▸ **What you will do**
Without copying any picture, transcribe exactly the lines of the data below from the one containing "17 juin 1910" through the one containing "B660主板支持内存超频,华".

───

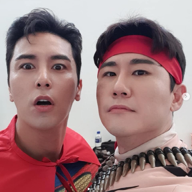 사진에는 TV CHOSUN '사랑의 콜센타' 촬영을 앞두고 여러가지 캐릭터로 분한 멤버들의 모습이 담겻다.
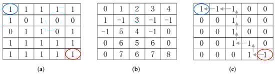For an enhanced comprehension of fundamental concepts, a simplified 2D example is presented in Figure 2. The binary mask is depicted, with 1 denoting the foreground (object) and 0 representing the background shown in Figure 2a. The starting point, indicated at [0, 0] and encircled in blue, is referred to as the seed point, while the goal point at [4, 4] is encircled in red within a 5 × 5 matrix. Subsequently, Figure 2b displays the corresponding depth map obtained after applying BFS to the binary mask. It can be noticed that the background in the depth map is represented with a value of −1 for clarity and to avoid confusion. In this generated depth map, the seed point has a depth of 0, while the goal point at the coordinates [4, 4] has a depth of 8. Figure 2c illustrates the navigation using the best path from the goal point to the seed point, where the path is represented by arrows. This path is extracted from the depth map generated in Figure 2b.
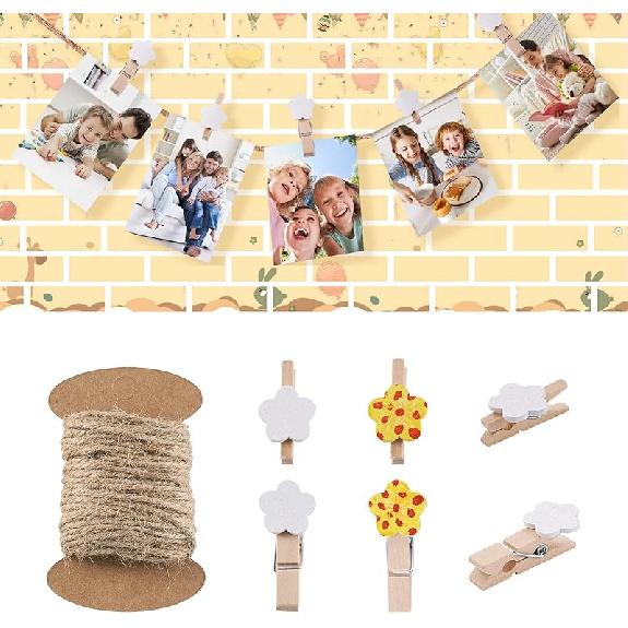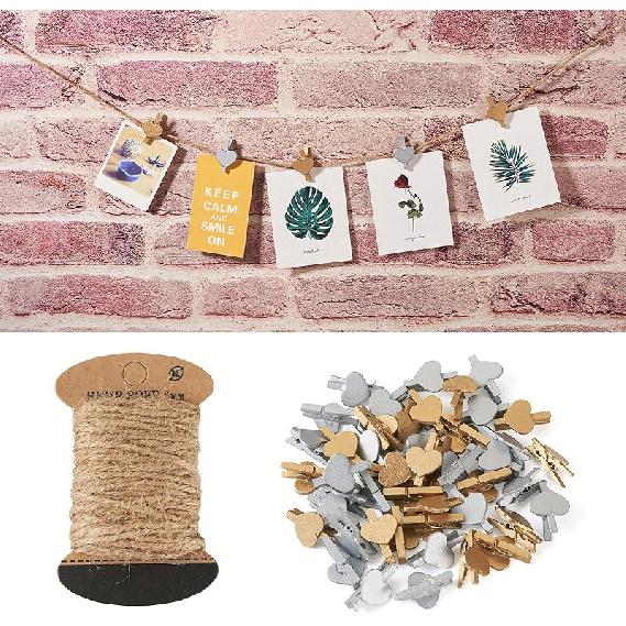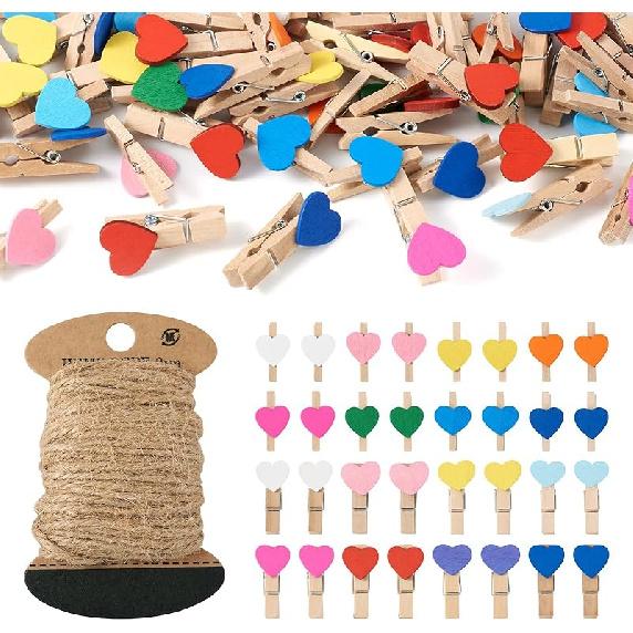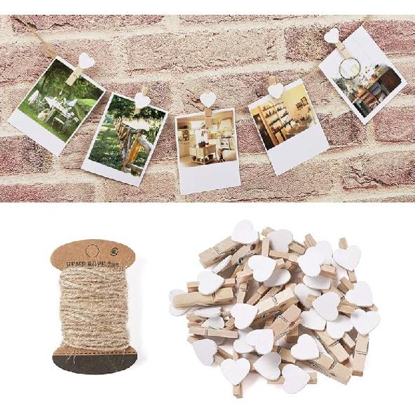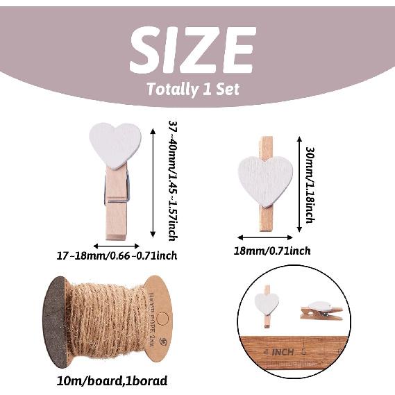 Pandahall 100pcs White Heart Clothespins Wooden Photo Paper Peg Pin Craft Clips with 10.9 Yards Natural Jute Twine for Paper Photo Display Hanging
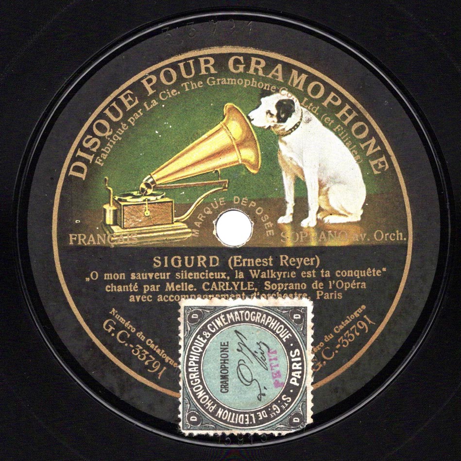 "Salut, splendeur du jour... Ô mon sauveur silencieux" extraits de l'acte III de Sigurd de Reyer Odette Carlyle (Brunehilde) et Orchestre Disque Pour Gramophone 33764, mat. 15866u, et 33791, mat. 15915u, enr à Paris les 15 et 17 juin 1910
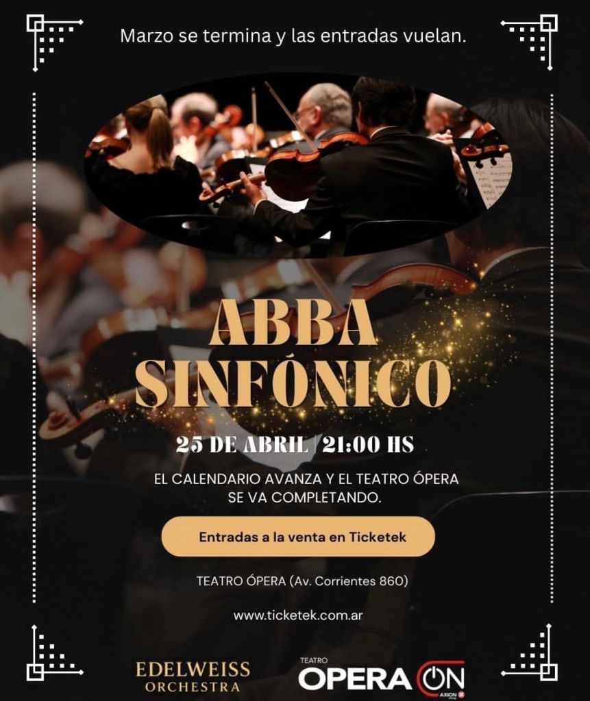 Edelweiss Orchestra llega a la ciudad de Buenos Aires con ABBA Sinfónico, un concierto que recorre los grandes clásicos del cuarteto sueco en formato sinfónico, con arreglos especialmente creados para vivir una experiencia emocionante y de alto impacto sonoro. La cita es el sábado 25 en el Teatro Opera On.
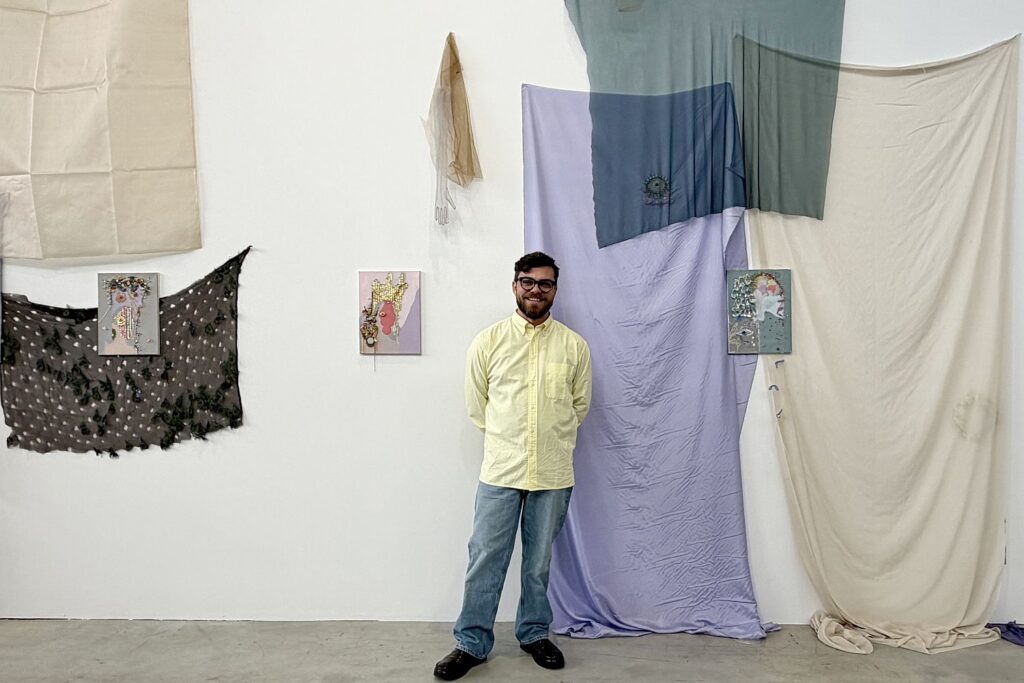 Aus Stoffen und Collagen schuf Ruben Benjamin Smulczynski eine poetische Wandinstallation. Foto: bikö
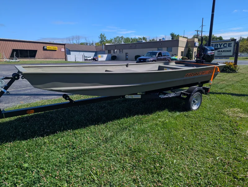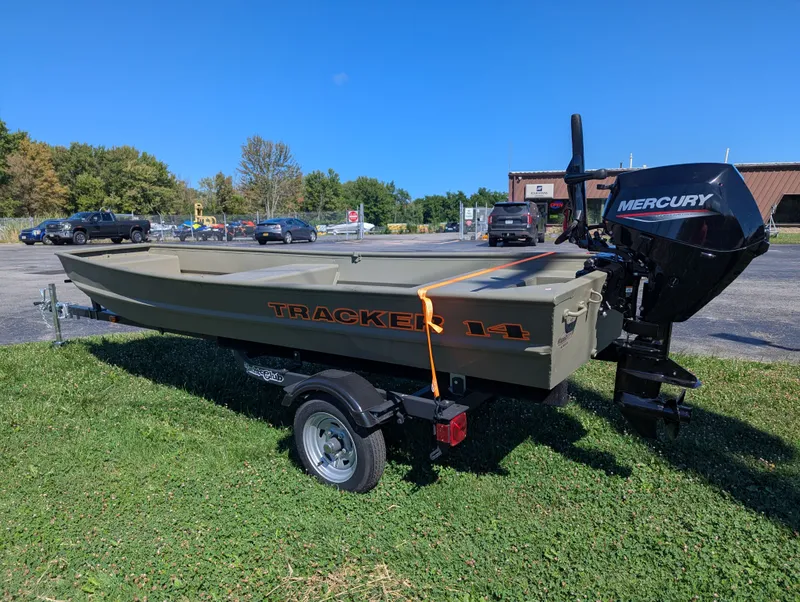 2026 Tracker Grizzly 1436 Jon boat2024 Mercury 15MH (used with 2 hours on it) - motor options availableNew Yacht Club 1610B trailerBasic Warranty (Months): 60Technical SpecificationsLength: 166 in; 4200 mmBeam: 53 in; 1.3 mDry Weight: 165 lbs; 74.8 kgWeight Capacity: 580 lbs; 263.1 kgNumber of Passengers: 3ExteriorHull Material: Aluminum
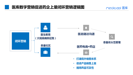 医库将协助药企,通过医生教育和患者社区的患者依从性管理,从医患两端同时构建药品全渠道闭环营销的护城河,不仅贯穿院内院外全渠道,还将推动药企市场部的学术职能和品牌建设,促进销售推广和潜力挖掘,最终达到直接推动药品销量增长的目的,还可以有效避免传统营销线下带金销售、临床造假等不合规的行为。
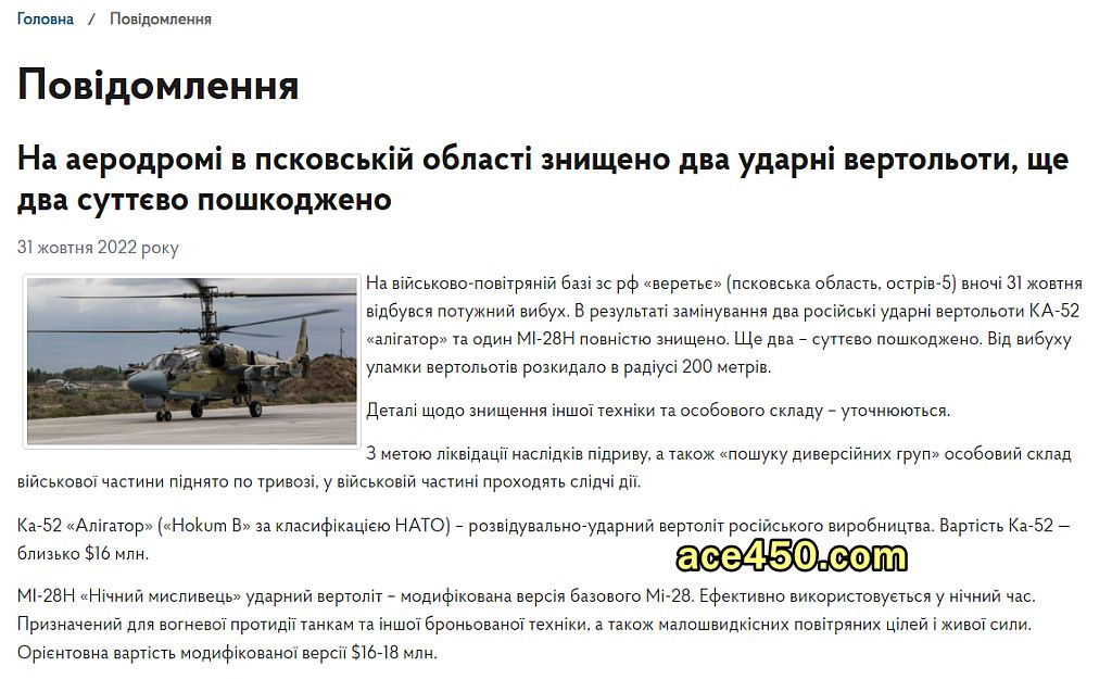 Интересная информация размещена на сайте украинского ГУР. Там сообщается о взрывах на аэродроме в Псковской области в результате которых уничтожено три боевых вертолета ВС РФ.
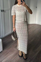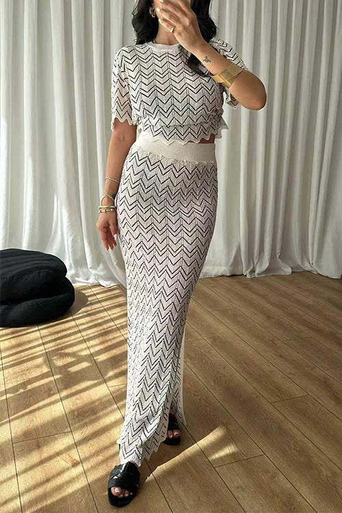 Transform your everyday style with this captivating crewneck top showcasing a mesmerizing zigzag pattern that catches the eye. Short sleeves deliver ideal breathability and comfort, while the relaxed crew neckline works with virtually any bottoms in your closet. This patterned essential bridges the gap between basic and bold¡ªsophisticated enough for casual outings, yet playful enough to express your personality. Whether layered under jackets or worn solo, it's the versatile piece that effortlessly elevates your look. Add this modern staple to your collection and enjoy endless styling possibilities.
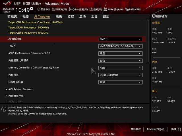 B660主板支持内存超频,华硕ROGSTRIXB660-AGAMINGWIFID4吹雪主板BIOS中也增加了相应的频率、时序、电压等调节设置,嫌麻烦或者萌新用户也可以直接在AI智能超频选项中开启XMP设置。
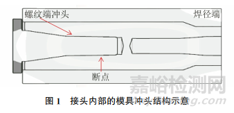 H13鋼是一種新型的中合金鉻系熱作模具鋼,該鋼既具有較高的強(qiáng)度,又能在較高的強(qiáng)度下保持較高的韌性,淬透性較好,可以滿足熱作模具的使用要求。在高溫作用下,H13鋼具有抗軟化能力,但是當(dāng)溫度高于540℃時(shí),其硬度會(huì)出現(xiàn)迅速下降的現(xiàn)象,所以在熱模鍛造過(guò)程中,通常規(guī)定了合理的鍛造成型和脫模時(shí)間,可避免 H13鋼模具在高溫?cái)嗉?nèi)部溫度較高,造成模具的整體力學(xué)性能下降。由于設(shè)備操作不當(dāng),某公司H13鋼模具沖頭在高溫鍛件內(nèi)的停留時(shí)間過(guò)長(zhǎng),靠近沖頭的端部發(fā)生了早期斷裂。該模具沖頭加工的鉆桿接頭規(guī)格為NC40,主要用于接頭螺紋端內(nèi)孔成型。將鉆桿接頭粗鍛成毛坯后的溫度約為1050℃,再將接頭放入模鍛設(shè)備內(nèi)進(jìn)行接頭的中部孔成型。接頭內(nèi)部的模具沖頭結(jié)構(gòu)如圖1所示,左側(cè)為母接頭的螺紋端,右側(cè)為接頭焊徑端,兩端同時(shí)有一個(gè)沖頭對(duì)接頭進(jìn)行內(nèi)孔成型,斷裂的沖頭為螺紋端沖頭。研究人員采用一系列理化檢驗(yàn)和熱模擬分析方法研究了該沖頭發(fā)生早期斷裂的原因,并提出了改進(jìn)建議,以防止該類問(wèn)題再次發(fā)生。
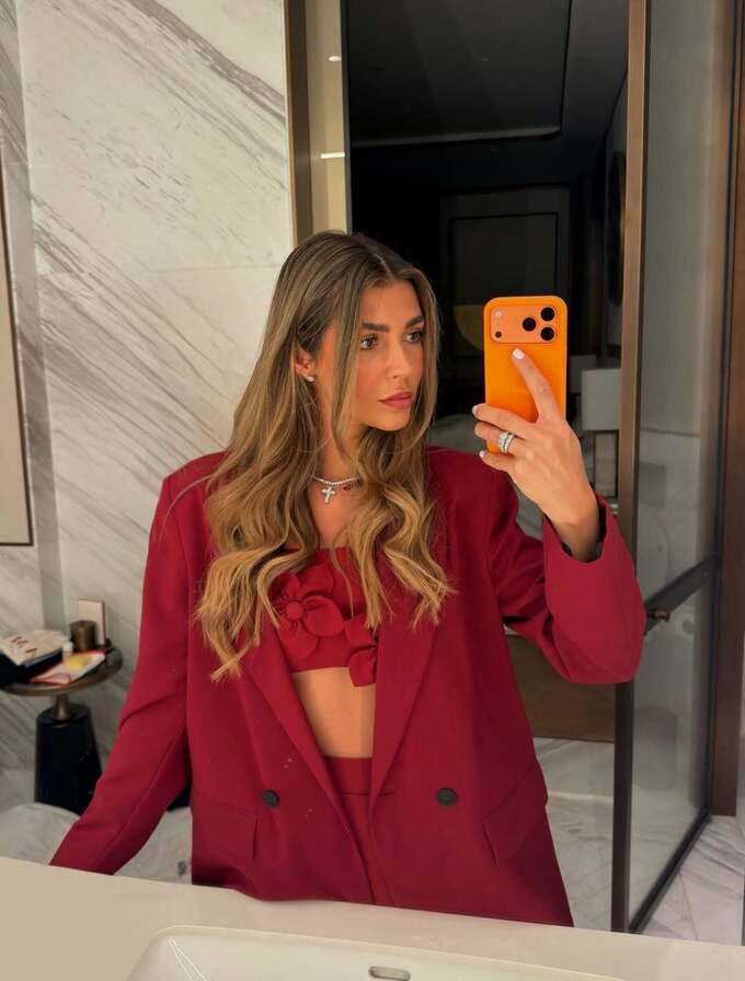 На снимках она предстала в эффектном бордовом образе, подчеркнувшем ее фигуру и чувство стиля.

───

▸ **Answer to the problem**
 "Salut, splendeur du jour... Ô mon sauveur silencieux" extraits de l'acte III de Sigurd de Reyer Odette Carlyle (Brunehilde) et Orchestre Disque Pour Gramophone 33764, mat. 15866u, et 33791, mat. 15915u, enr à Paris les 15 et 17 juin 1910
 Edelweiss Orchestra llega a la ciudad de Buenos Aires con ABBA Sinfónico, un concierto que recorre los grandes clásicos del cuarteto sueco en formato sinfónico, con arreglos especialmente creados para vivir una experiencia emocionante y de alto impacto sonoro. La cita es el sábado 25 en el Teatro Opera On.
 Aus Stoffen und Collagen schuf Ruben Benjamin Smulczynski eine poetische Wandinstallation. Foto: bikö
 2026 Tracker Grizzly 1436 Jon boat2024 Mercury 15MH (used with 2 hours on it) - motor options availableNew Yacht Club 1610B trailerBasic Warranty (Months): 60Technical SpecificationsLength: 166 in; 4200 mmBeam: 53 in; 1.3 mDry Weight: 165 lbs; 74.8 kgWeight Capacity: 580 lbs; 263.1 kgNumber of Passengers: 3ExteriorHull Material: Aluminum
 医库将协助药企,通过医生教育和患者社区的患者依从性管理,从医患两端同时构建药品全渠道闭环营销的护城河,不仅贯穿院内院外全渠道,还将推动药企市场部的学术职能和品牌建设,促进销售推广和潜力挖掘,最终达到直接推动药品销量增长的目的,还可以有效避免传统营销线下带金销售、临床造假等不合规的行为。
 Интересная информация размещена на сайте украинского ГУР. Там сообщается о взрывах на аэродроме в Псковской области в результате которых уничтожено три боевых вертолета ВС РФ.
 Transform your everyday style with this captivating crewneck top showcasing a mesmerizing zigzag pattern that catches the eye. Short sleeves deliver ideal breathability and comfort, while the relaxed crew neckline works with virtually any bottoms in your closet. This patterned essential bridges the gap between basic and bold¡ªsophisticated enough for casual outings, yet playful enough to express your personality. Whether layered under jackets or worn solo, it's the versatile piece that effortlessly elevates your look. Add this modern staple to your collection and enjoy endless styling possibilities.
 B660主板支持内存超频,华硕ROGSTRIXB660-AGAMINGWIFID4吹雪主板BIOS中也增加了相应的频率、时序、电压等调节设置,嫌麻烦或者萌新用户也可以直接在AI智能超频选项中开启XMP设置。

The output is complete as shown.